Effect of Levosulpiride on Retinal Alterations in Patients With Diabetic Retinopathy and Diabetic Macular Edema

Study Description

Brief Summary

This is a randomized, double-blind, placebo-controlled trial to evaluate the safety and efficacy of levosulpiride to improve retinal alterations due to diabetic macular edema and diabetic retinopathy

Detailed Description

Diabetic retinopathy (DR) and diabetic macular edema (DME) are the primary cause of irreversible blindness and visual impairment in working-age adults. Nearly 80% of patients with diabetes will experience some degree of DR and DME 15-20 years after diagnosis. Altered blood parameters (glucose, lipids, and pressure) influence disease development and progression; however, the combined values of these parameters account for only 10% of the risk of DR. Laser therapy is effective for preserving sight but is poor for reversing visual loss. Anti-angiogenic therapies are effective and less destructive but require frequent intravitreal delivery, which raises the risk of infection and ocular complications. Therefore, the prevention and treatment of DR and DME should include other modifiable factors. Data from preclinical studies support a protective role for the serum levels of the hormone prolactin. The trial investigates a new specific therapy for DR and DME based on elevating the circulating levels of prolactin with the prokynetic, dopamine D2 receptor blocker, levosulpiride. It is a prospective, randomized clinical study in patients with DR and DME in which ophthalmologic and health parameters evaluated before and after starting the study medication will determine the efficacy and safety of treatment.

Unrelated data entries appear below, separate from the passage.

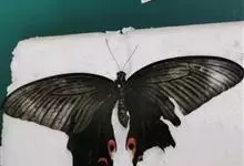 玉斑凤蝶Papilio helenus 别名白纹凤蝶,是凤蝶科凤蝶属美凤蝶亚属大型种类。雌雄同型;体翅皆黑色,后翅正面中室外有3个并列的白色斑,亚外缘有1列模糊的新月形红色斑,…全部>>
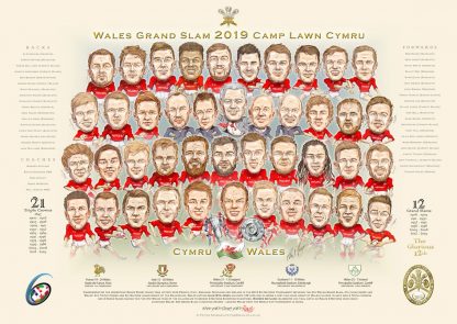 Commemorating the momentous Wales Rugby Union team victory over France, Italy, England, Scotland and Ireland in the 2019 Six Nations Tournament securing the 4th Welsh Grand Slam, 4th clean sweep and Wales’ 4th Triple Crown and Six Nations championship of the Millennium.
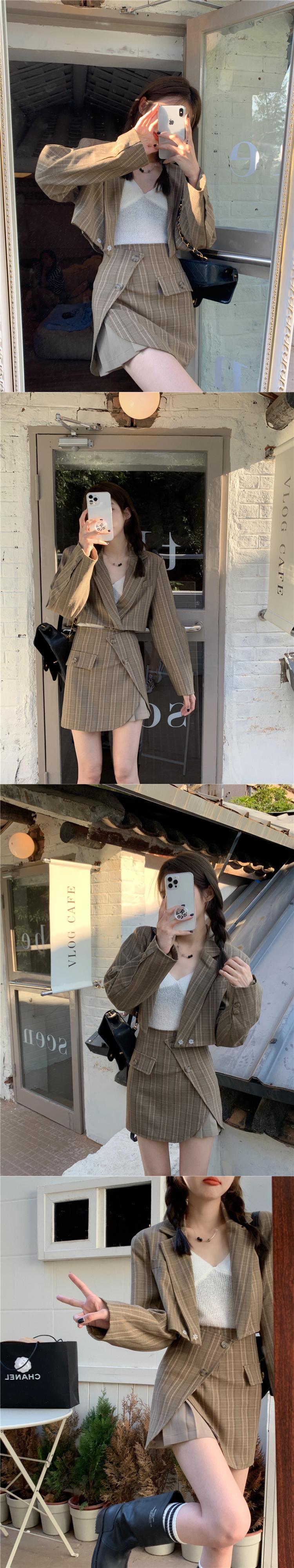 色:格子縞のスーツ,チェック柄スカート,ニットサスペンダー
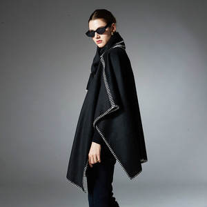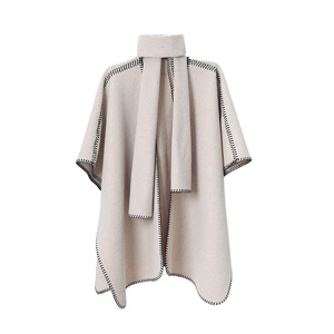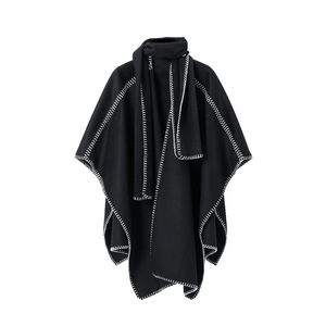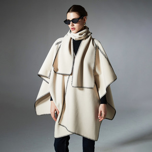 外贸欧美风女士披风春秋冬季新款时尚高级感纯色围巾披肩两件套
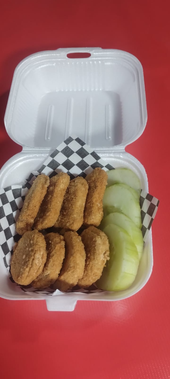 Deliciosas Nuggets de pollo acompañadas de pepinos y los aderezos de tu elección.
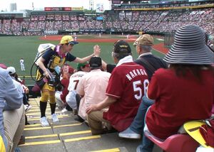 一方、カリスマ売り子の佐藤さん。とりわけ声を張り上げることもなく、何かを探すように客席に目をやった。彼女の目的は常連さん。実は試合が始まるとすべての売り子は販売エリアを固定されてしまうため、試合開始前はエリア外に座っている常連さんを探す時間にあてるのだ。そうして「見つけた~!」などと歓喜の声をあげながら常連客のところへ小走りで向かい、最初の1杯を買ってもらう。
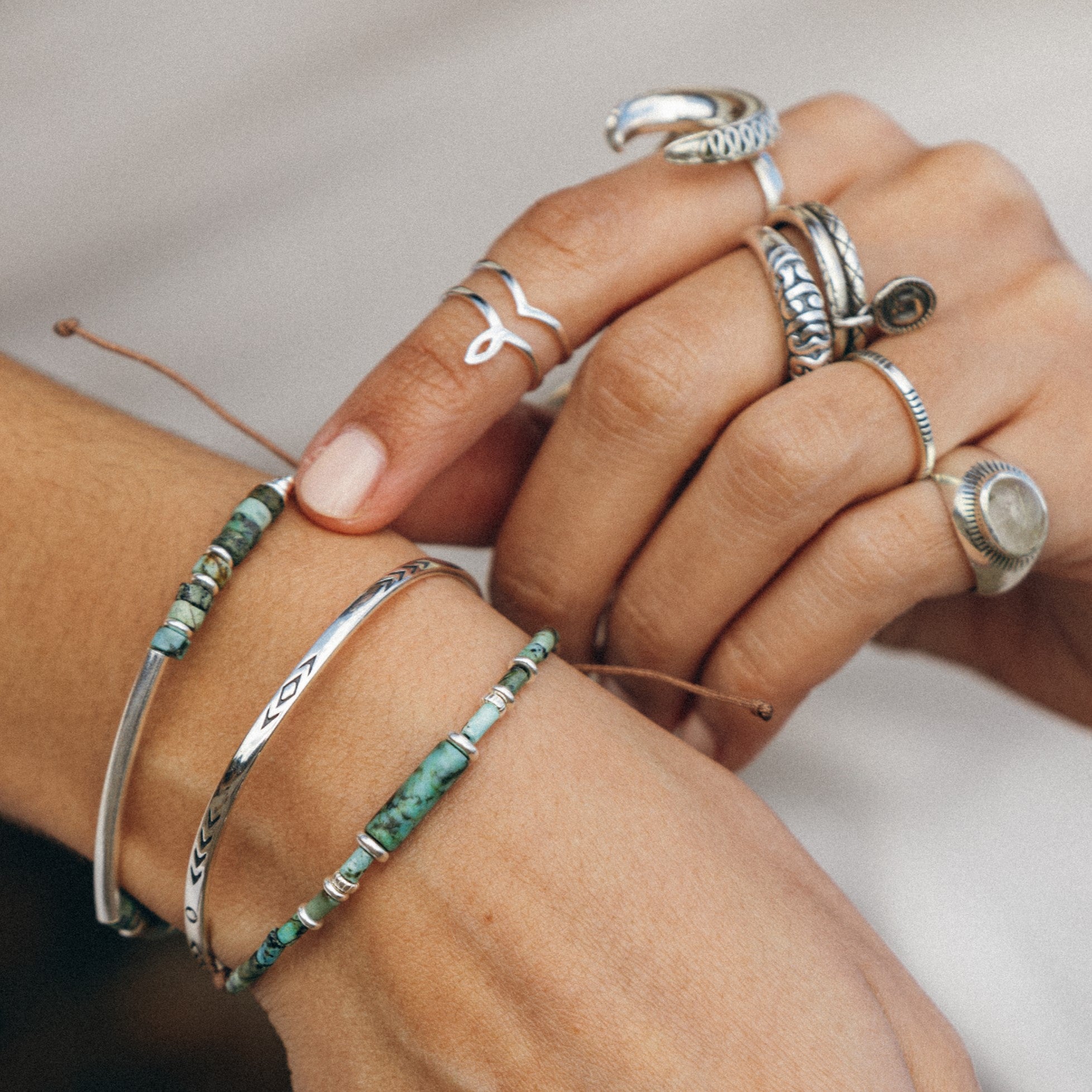 Pulsera hecha a mano con piedrecitas Turquesas naturales, entre piezas en plata de ley ó en plata de ley con baño de oro, y pieza central en forma de tubo también en piedra turquesa.
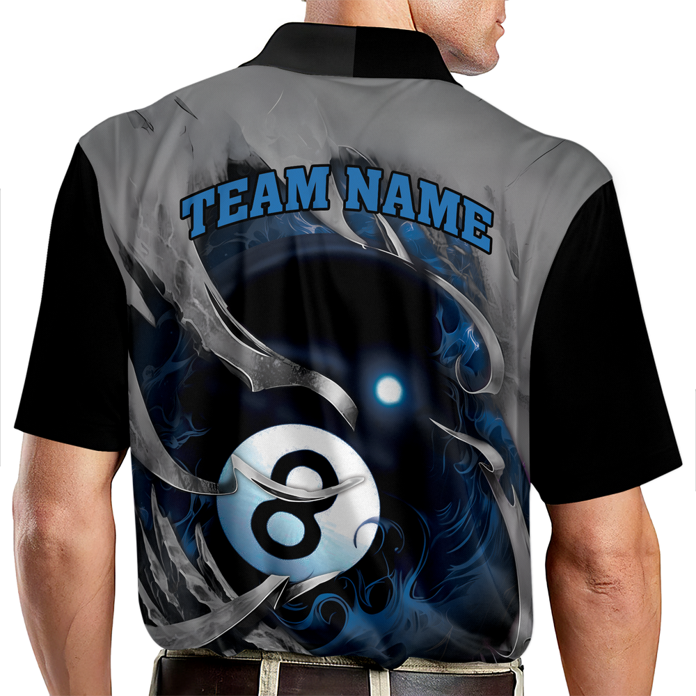 This polo stands out with a fierce and electrifying design. The front showcases a powerful blend of black, gray, and deep blue tones, featuring a menacing skull gripping the number 8 ball surrounded by swirling blue energy for a bold and intense look. The back highlights a large 8 ball enveloped in electric blue flames, with a strong team name “TEAM NAME” above and your custom name displayed on the front. The dynamic smoke and flame effects add depth and motion, giving the shirt a sharp, modern edge. Whether you’re part of a team or playing solo, this polo delivers the perfect mix of attitude, power, and confidence.
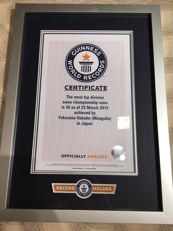 Le grand champion mongol Hakuho est entré dans le Guinness World Records qui salue sa brillante carrière ; Hakuho est titulaire du plus grand nombre de championnats remportés en makuuchi. Le comité du Guinness l’a récompensé pour son parcours, c’est ce que le yokozuna a révélé jeudi soir sur son blog.
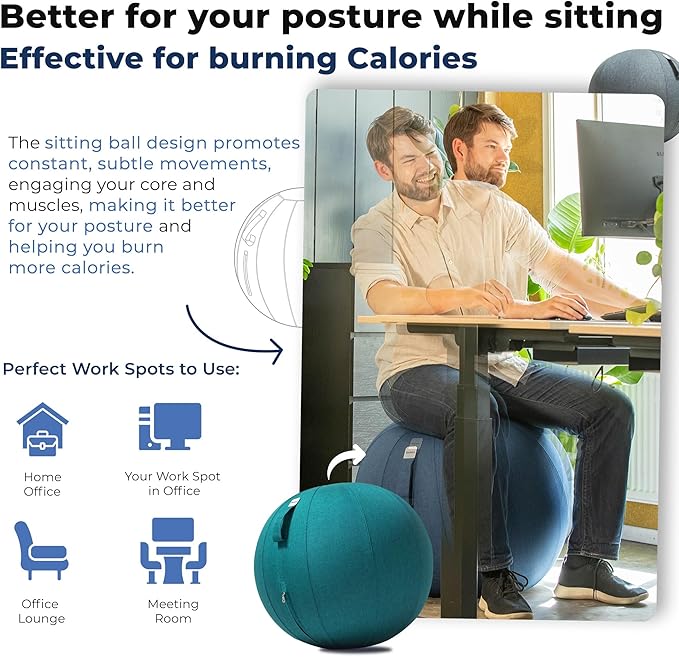 - ACTIVE SITTING, ACTIVE LIFE - The unstable design requires continuous micro-movements, activating muscles and promoting strength. Burn more calories compared to seated chairs, improve daily movement and boost your productivity with our Yoga Ball Chair.
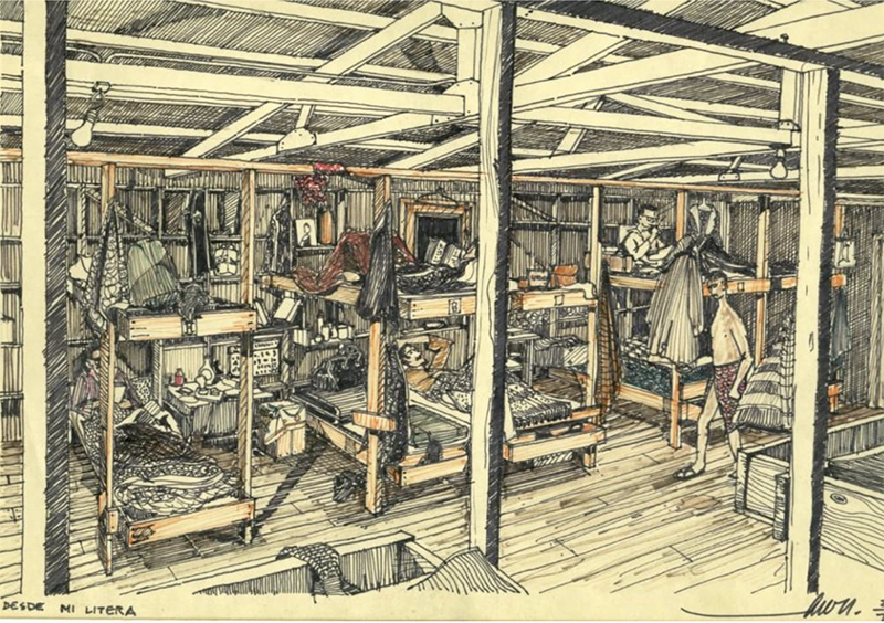 Desde mi litera. Dibujo realizado por Miguel Lawner Steiman en el campo de concentración de Isla Dawson (1974). Fondo Miguel Lawner Steiman, Archivo Museo de la Memoria.
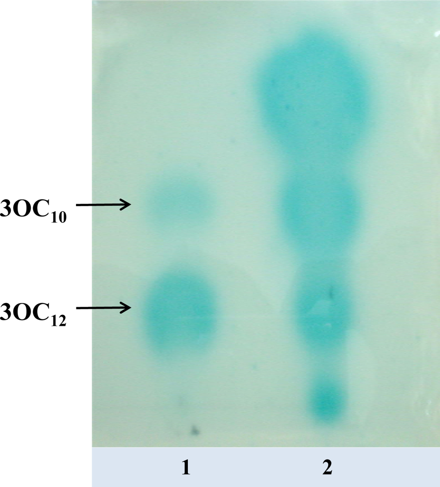 Aliquots (10 μL) of AHL extracts were analyzed by reverse-phase C18-thin layer chromatography (RP-C18 TLC) using methanol/water (60:40 v/v) as the mobile phase. The plates were air-dried, overlaid with AB medium, 0.7% agar containing X-Gal 40 μg mL−1, and the biosensor A. tumefaciens NTL4 (pZLR4), and incubated overnight at 30 °C [32].
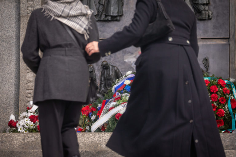 Účastníci počas pietneho aktu pri príležitosti 78. výročia oslobodenia hlavného mesta Bratislavy pri pamätníku Slavín v Bratislave. Bratislava, 04. apríl 2023. Foto: SITA/Diana Černáková
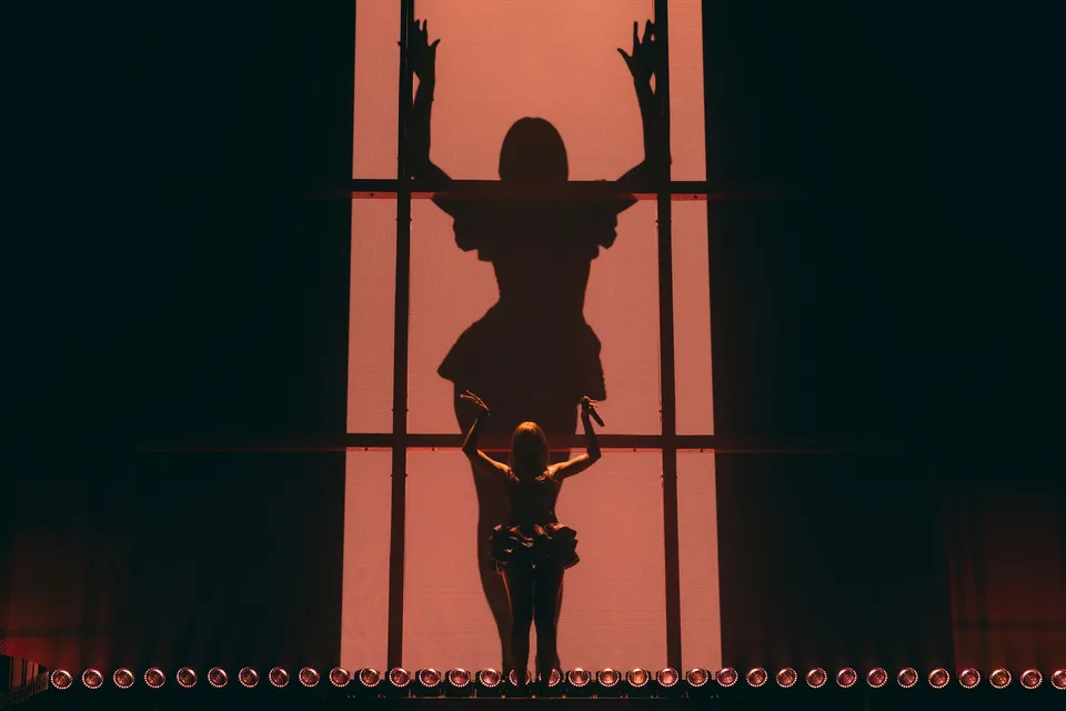 A spotlight reveals PinkPantheress’ silhouette behind a curtain as the viral opening line of ‘Illegal’ - “My name is Pink and I’m really glad to meet you” - plays and fans roar. When the curtain drops, we’re met with PinkPantheress The Pop Star.

Patient registries: Patients are enrolled at the time of a routine health care service. The caregiver and patient together, in a standardized uniform manner for every patient, will collect the data. Data collection procedures are clearly described and include protocols, policies, and the formatted listing of all the data elements, their full definitions and validation rules. All personnel involved in data collection are qualified registry trained. The same physicians, laboratory technicians, and graduate students will evaluate and collect the data from all patients. An individual fully knowledgeable of all protocols, policies, procedures, and definitions in the registry will be designated as Accountable for Data Quality. This individual (coordinator) should ensure that all collected data are complete, accurate, and valid. Data logically inconsistent will be confronted to information in external database. Data collected on formatted paper forms are entered into a computer and electronic registries carefully reviewed by a third party to identify missing data, invalid or erroneous entries, and inconsistent data. Any data review activity and remediation efforts will be documented. Amelioration of data problems may include querying the personnel uploading the data, the coordinator, the interviewer, or the patient. The proposed sample size and study duration are the minimum required and are based on biological models of DR and on clinical experience evaluating primary data associated with the study. These parameters may have to be modified to accommodate the sample size required to obtain clinically important differences and their statistical evaluation, access to eligible patients, lack of adherence to therapy at specific calendar dates (holidays), etc. Statistical methods include those evaluating continuous and categorical variables, incidence and prevalence, the association between a risk factor and outcome, and the relative contribution of confounding factors.

Study Design

Outcome Measures

Primary Outcome Measures

1. Visual acuity [5 minutes]

   Number of letters recognized in the Early Treatment Diabetic Retinopathy Study (ETDRS) chart test after correcting for any refractive error (myopia, hyperopia, or astigmatism)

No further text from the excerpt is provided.